The number of ethical suppliers on the site has also soared from just 15 two years ago, to 125 this Christmas. All are members of the Hampshire-based Ethical Junction Community Interest Company and have to satisfy strict environmental and fair trade criteria to be included.

The www.getethical.com site showcases a huge range of utterly unique and limited edition Christmas gifts from around the world, including fair trade Fir Christmas trees grown from seeds ethically sourced in Georgia; solar powered fairy lights; recycled Grolsch drinks glasses; individual teddy bears hand-made from charity shop clothing; silk Shanga necklaces from Tanzania; bamboo t shirts and socks; eco kettles and eco balls (for the laundry) and handmade Savannah leather cases from a co-operative in Rajasthan.

Tom Barnett of Ethical Junction, said: “We are witnessing the rise of the ‘conscious consumer’ this Christmas.

“Ethical spending, as documented by the Co-operative, has been rising steadily from £25.8billion in 2004 to £35.5billion in 2007.

“People are becoming more aware of what they are actually consuming - everyone has now heard of "fair trade" and "organic" products.

“We've noticed traffic grow consistently across all our web sites. Ethical Junction membership has more than doubled since 2005 and we have seen hundreds more retailers and suppliers step in to the market.

“This Christmas, following last year’s "consumer crunch" debacle, more people than ever before are thinking carefully about what they buy.”

Personally the only thing that I am seeing when it comes to “green” products that there era also, unfortunately, a number of rip off artists – and that in the literal sense as well – who market recycled products at rather high prices; things that anyone who has hands could make themselves from waste.

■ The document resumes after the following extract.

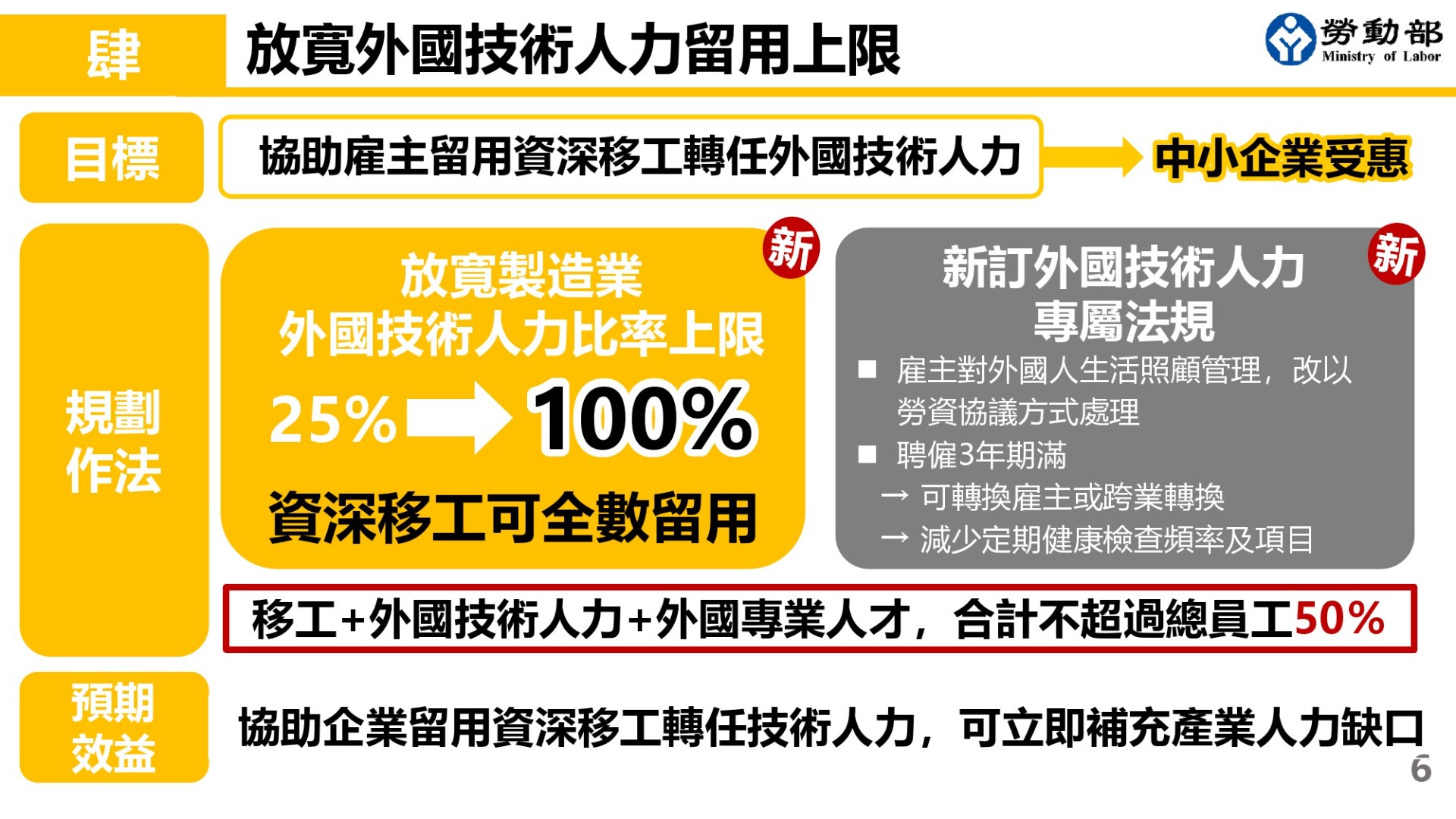 同時,企業將可彈性將現有資深移工轉為中階技術人力,不再受原25%上限限制,但外國人總比例不得超過全體員工五成。

While, I am sure, we are all for supporting co-operatives somewhere in the Third World who use trash from which to make resalable goods the artists who turn a bit of old rope into a “belt lace” and then sell it for £75 or the one in Brazil who wraps some colored cotton string – organic, I hope – around an old wine bottle and sells it as a vase for £35 are not something that I, for one, could support.